[Collected data entries]
--*--

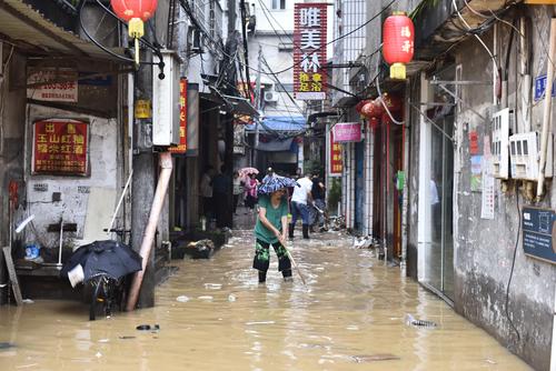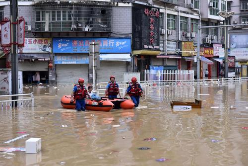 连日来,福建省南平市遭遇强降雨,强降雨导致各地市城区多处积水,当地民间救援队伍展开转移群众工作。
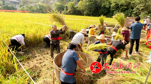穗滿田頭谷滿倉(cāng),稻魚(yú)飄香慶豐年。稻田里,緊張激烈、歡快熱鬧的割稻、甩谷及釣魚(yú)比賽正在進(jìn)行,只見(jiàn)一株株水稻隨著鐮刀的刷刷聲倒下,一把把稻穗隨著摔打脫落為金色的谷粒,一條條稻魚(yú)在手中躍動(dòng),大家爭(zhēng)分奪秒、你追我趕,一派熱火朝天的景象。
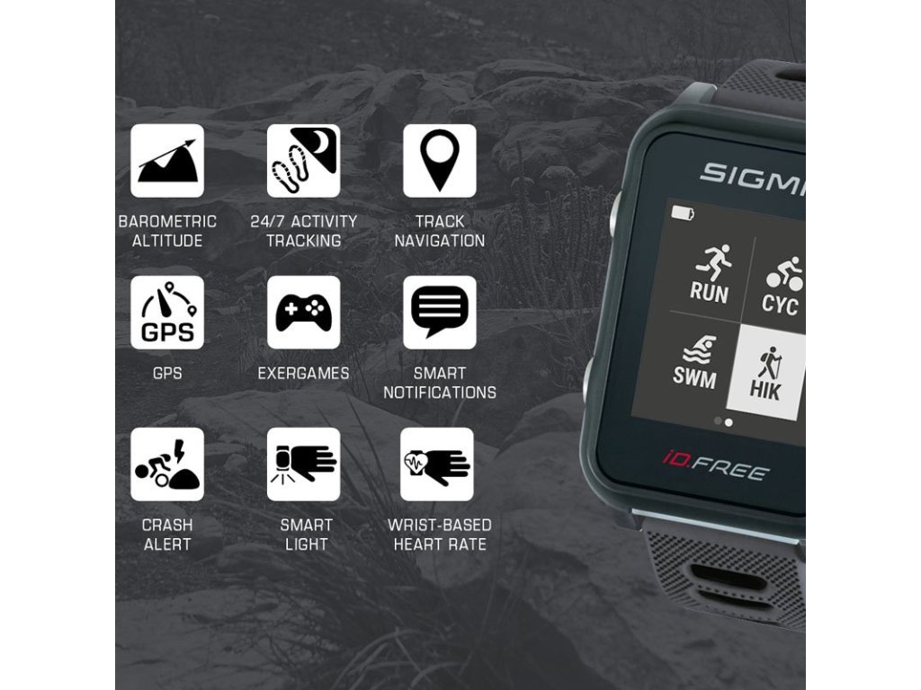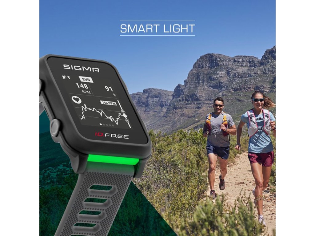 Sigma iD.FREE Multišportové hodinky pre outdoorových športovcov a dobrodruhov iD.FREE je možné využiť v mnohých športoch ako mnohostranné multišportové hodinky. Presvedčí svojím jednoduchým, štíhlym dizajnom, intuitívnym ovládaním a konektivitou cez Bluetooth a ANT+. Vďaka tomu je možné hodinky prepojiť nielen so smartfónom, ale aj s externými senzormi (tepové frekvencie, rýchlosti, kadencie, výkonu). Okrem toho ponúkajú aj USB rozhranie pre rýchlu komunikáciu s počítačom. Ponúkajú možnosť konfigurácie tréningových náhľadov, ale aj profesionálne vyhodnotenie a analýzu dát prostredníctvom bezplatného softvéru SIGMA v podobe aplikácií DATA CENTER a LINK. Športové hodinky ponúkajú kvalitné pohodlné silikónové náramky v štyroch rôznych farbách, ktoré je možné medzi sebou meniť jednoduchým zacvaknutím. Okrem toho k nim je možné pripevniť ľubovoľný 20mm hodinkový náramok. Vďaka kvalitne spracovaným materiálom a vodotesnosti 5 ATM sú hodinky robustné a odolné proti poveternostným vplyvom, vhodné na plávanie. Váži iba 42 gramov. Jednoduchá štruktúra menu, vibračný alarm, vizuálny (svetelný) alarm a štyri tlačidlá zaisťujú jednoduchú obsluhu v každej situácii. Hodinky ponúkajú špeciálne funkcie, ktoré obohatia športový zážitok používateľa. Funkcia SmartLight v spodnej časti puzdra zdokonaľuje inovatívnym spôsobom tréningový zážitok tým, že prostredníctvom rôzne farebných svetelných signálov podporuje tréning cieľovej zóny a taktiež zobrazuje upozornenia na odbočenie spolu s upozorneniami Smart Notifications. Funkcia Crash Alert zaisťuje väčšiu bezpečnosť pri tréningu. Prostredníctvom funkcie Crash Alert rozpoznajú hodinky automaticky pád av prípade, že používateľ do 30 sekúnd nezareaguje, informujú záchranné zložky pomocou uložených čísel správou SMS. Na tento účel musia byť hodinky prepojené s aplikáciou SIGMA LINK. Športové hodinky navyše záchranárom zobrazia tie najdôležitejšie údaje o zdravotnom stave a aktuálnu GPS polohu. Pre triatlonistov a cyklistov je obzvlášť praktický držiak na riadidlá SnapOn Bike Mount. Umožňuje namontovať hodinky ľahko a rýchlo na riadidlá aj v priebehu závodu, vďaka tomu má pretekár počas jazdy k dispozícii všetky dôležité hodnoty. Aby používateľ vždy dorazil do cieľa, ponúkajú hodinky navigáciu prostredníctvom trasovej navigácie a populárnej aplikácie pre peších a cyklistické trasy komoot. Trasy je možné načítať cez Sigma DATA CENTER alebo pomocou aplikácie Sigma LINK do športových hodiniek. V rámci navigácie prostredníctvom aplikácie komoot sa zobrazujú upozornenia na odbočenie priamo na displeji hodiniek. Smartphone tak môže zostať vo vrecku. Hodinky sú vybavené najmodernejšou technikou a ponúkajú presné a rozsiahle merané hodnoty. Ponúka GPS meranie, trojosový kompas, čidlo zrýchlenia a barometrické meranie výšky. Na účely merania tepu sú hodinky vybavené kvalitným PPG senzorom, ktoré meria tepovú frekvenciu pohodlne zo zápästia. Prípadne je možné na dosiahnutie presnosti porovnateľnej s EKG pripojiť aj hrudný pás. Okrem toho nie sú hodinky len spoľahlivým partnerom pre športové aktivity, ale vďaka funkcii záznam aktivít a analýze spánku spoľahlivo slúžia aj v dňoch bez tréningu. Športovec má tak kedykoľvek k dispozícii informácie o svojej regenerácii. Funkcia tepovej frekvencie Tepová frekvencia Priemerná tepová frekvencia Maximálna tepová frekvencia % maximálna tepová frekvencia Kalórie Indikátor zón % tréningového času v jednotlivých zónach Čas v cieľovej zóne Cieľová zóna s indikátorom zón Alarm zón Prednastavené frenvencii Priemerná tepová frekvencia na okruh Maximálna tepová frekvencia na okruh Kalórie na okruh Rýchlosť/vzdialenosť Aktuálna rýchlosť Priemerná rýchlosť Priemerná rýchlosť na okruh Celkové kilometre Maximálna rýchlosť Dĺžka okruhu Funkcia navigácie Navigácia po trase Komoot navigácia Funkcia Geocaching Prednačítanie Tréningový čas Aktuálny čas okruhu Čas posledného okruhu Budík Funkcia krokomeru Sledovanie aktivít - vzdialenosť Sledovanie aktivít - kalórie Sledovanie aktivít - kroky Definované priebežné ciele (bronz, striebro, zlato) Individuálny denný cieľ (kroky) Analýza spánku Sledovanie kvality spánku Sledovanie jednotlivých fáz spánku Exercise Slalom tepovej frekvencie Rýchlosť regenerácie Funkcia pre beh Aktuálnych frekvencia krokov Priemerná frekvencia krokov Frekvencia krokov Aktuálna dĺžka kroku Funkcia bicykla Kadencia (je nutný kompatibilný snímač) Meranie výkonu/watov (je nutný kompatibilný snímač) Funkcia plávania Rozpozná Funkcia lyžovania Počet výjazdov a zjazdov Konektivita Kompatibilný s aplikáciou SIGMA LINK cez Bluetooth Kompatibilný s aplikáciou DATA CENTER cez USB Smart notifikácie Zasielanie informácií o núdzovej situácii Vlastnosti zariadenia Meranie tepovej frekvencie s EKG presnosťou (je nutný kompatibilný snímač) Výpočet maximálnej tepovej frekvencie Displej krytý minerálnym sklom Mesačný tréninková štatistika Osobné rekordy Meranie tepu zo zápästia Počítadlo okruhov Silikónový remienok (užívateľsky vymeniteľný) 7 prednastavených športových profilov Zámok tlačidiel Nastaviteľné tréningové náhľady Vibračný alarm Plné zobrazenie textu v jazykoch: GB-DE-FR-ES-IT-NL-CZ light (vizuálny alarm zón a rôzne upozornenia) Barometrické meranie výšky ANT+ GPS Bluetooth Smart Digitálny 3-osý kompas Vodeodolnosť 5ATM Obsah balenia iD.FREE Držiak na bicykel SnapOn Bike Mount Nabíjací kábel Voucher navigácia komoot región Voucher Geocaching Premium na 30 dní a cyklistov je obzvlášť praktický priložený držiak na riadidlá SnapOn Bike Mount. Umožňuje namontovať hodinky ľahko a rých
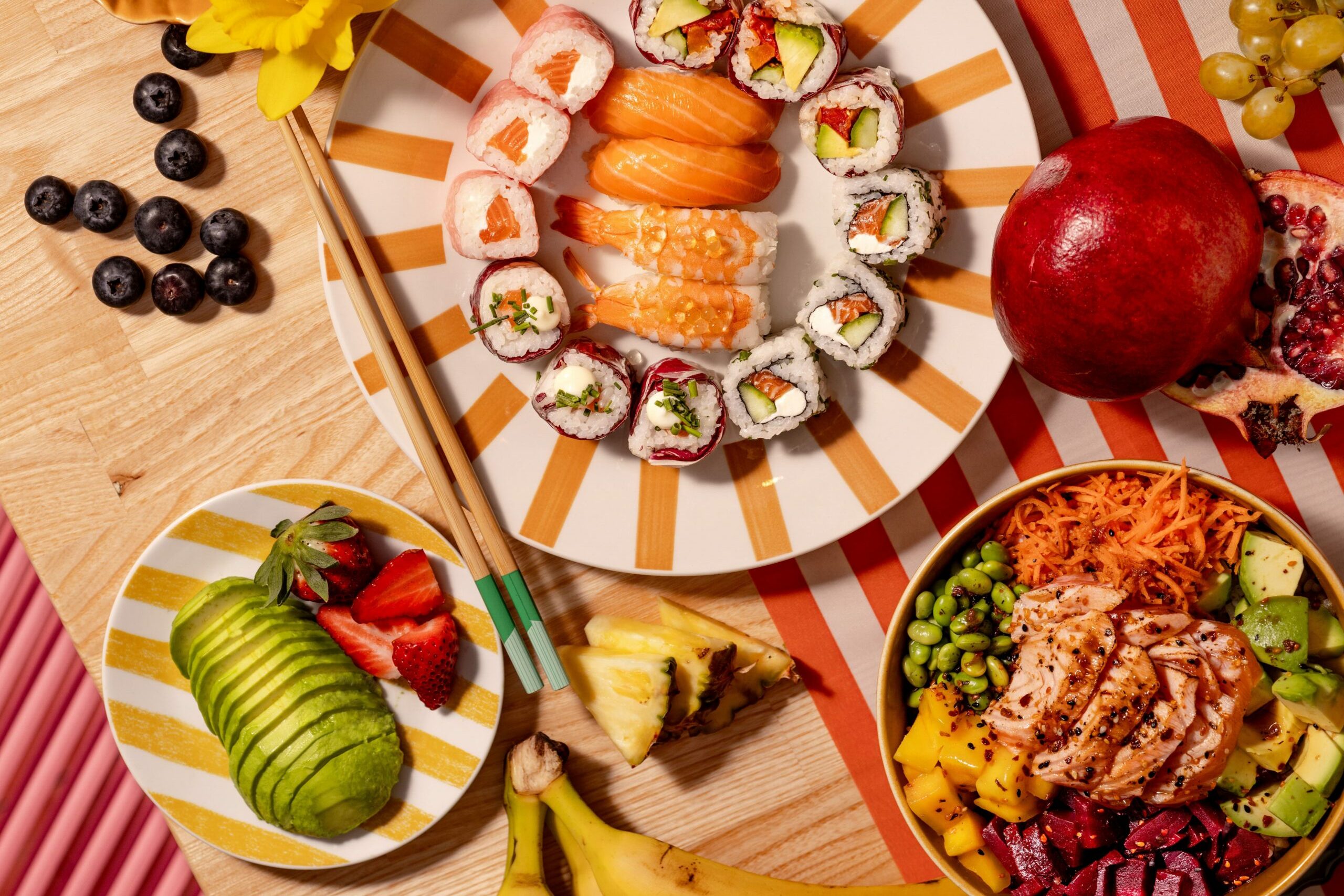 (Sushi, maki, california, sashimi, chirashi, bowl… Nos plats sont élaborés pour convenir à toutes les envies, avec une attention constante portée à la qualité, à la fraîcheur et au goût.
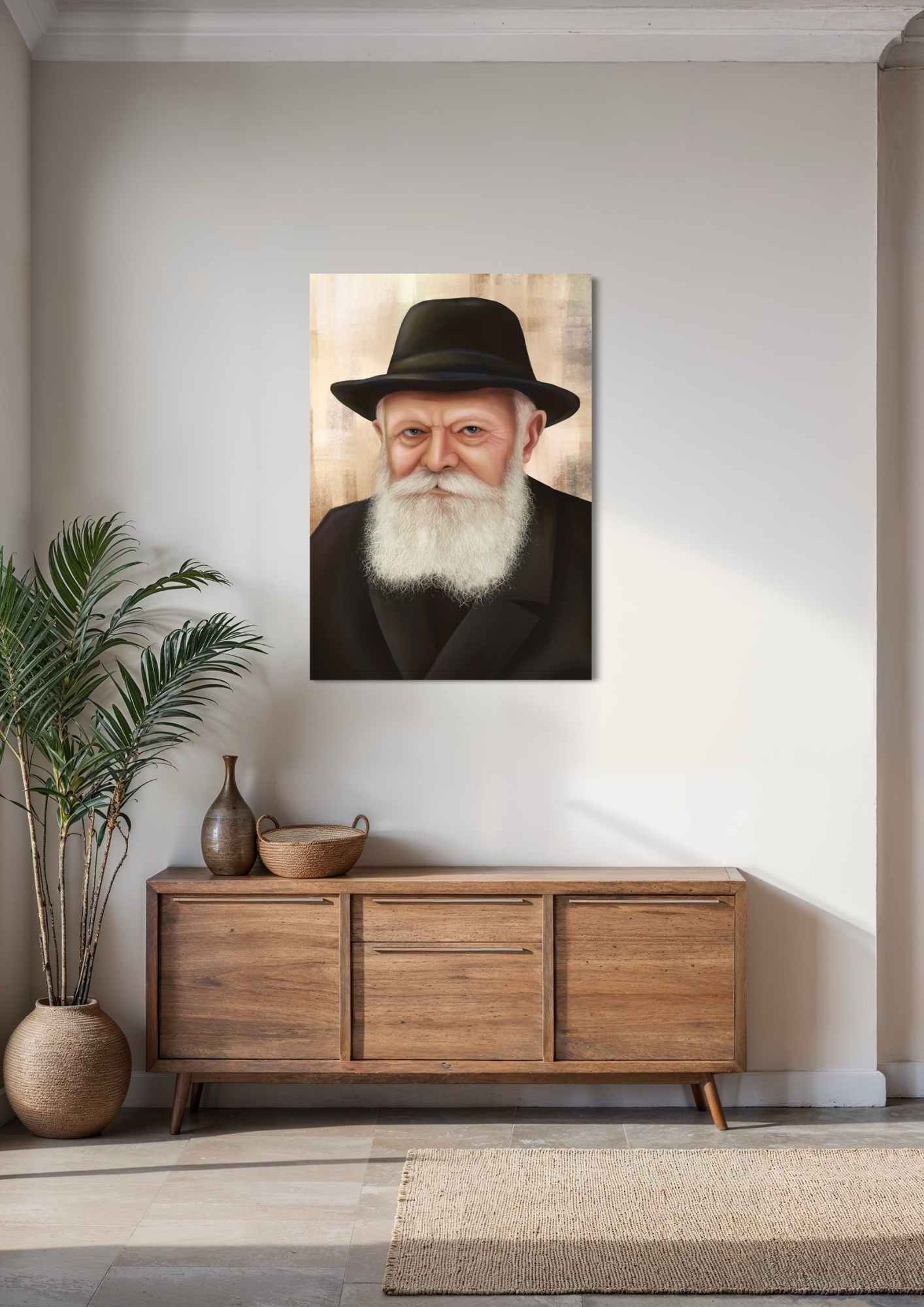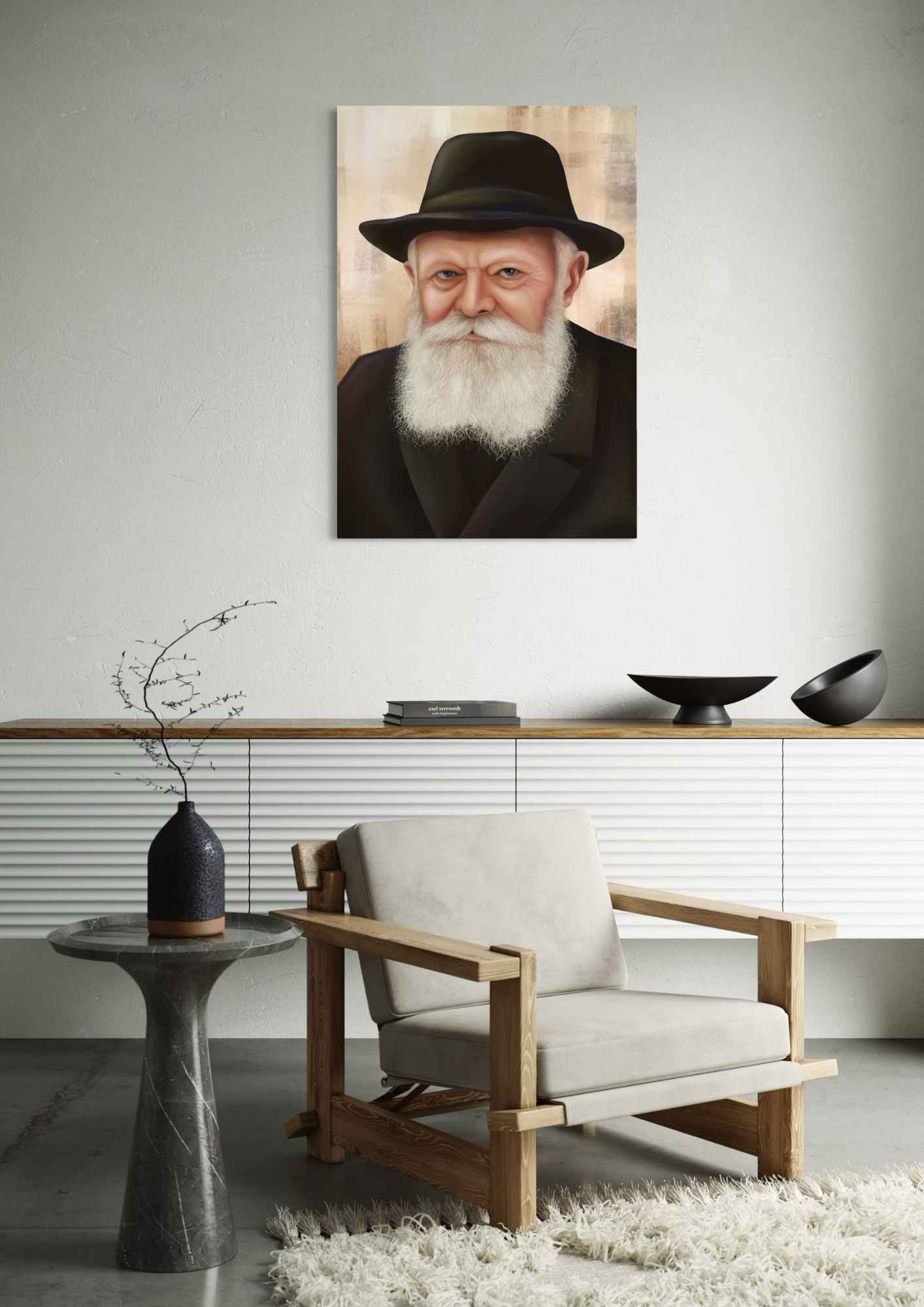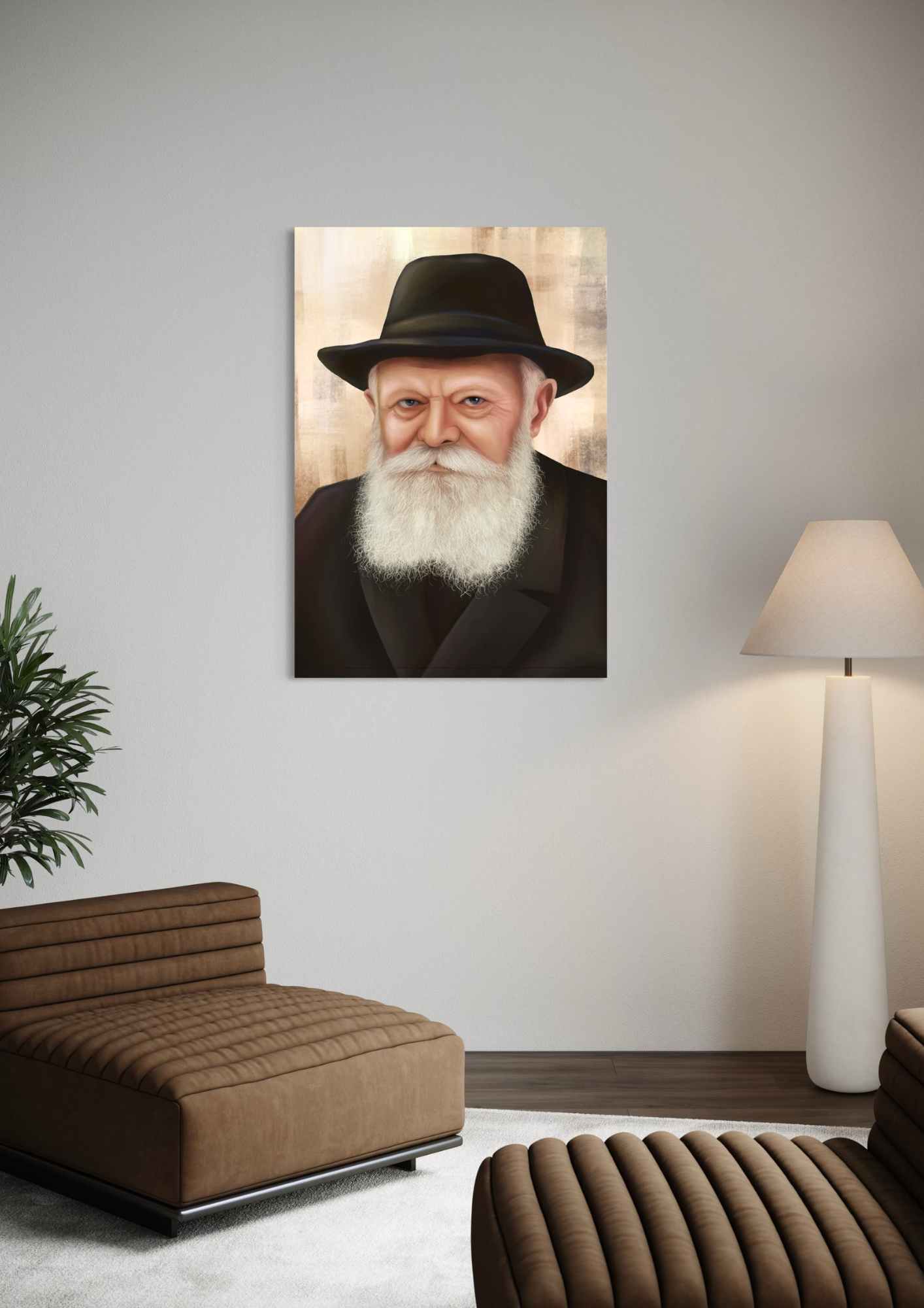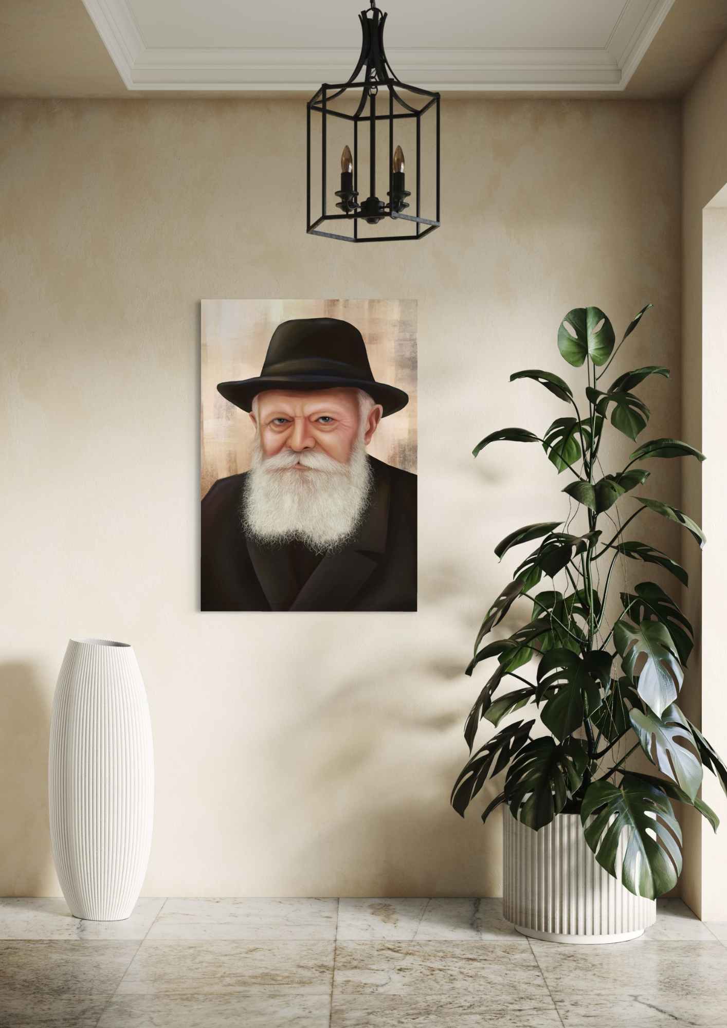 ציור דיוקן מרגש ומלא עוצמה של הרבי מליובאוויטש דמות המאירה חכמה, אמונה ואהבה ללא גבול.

--*--

> **WORK TO COMPLETE**:
Retyping should start at the first line of the data above and stop after the line with "穗滿田頭谷滿倉(cāng),稻魚(yú)", and no picture should be included.

> **RESPONSE**:
 连日来,福建省南平市遭遇强降雨,强降雨导致各地市城区多处积水,当地民间救援队伍展开转移群众工作。
穗滿田頭谷滿倉(cāng),稻魚(yú)飄香慶豐年。稻田里,緊張激烈、歡快熱鬧的割稻、甩谷及釣魚(yú)比賽正在進(jìn)行,只見(jiàn)一株株水稻隨著鐮刀的刷刷聲倒下,一把把稻穗隨著摔打脫落為金色的谷粒,一條條稻魚(yú)在手中躍動(dòng),大家爭(zhēng)分奪秒、你追我趕,一派熱火朝天的景象。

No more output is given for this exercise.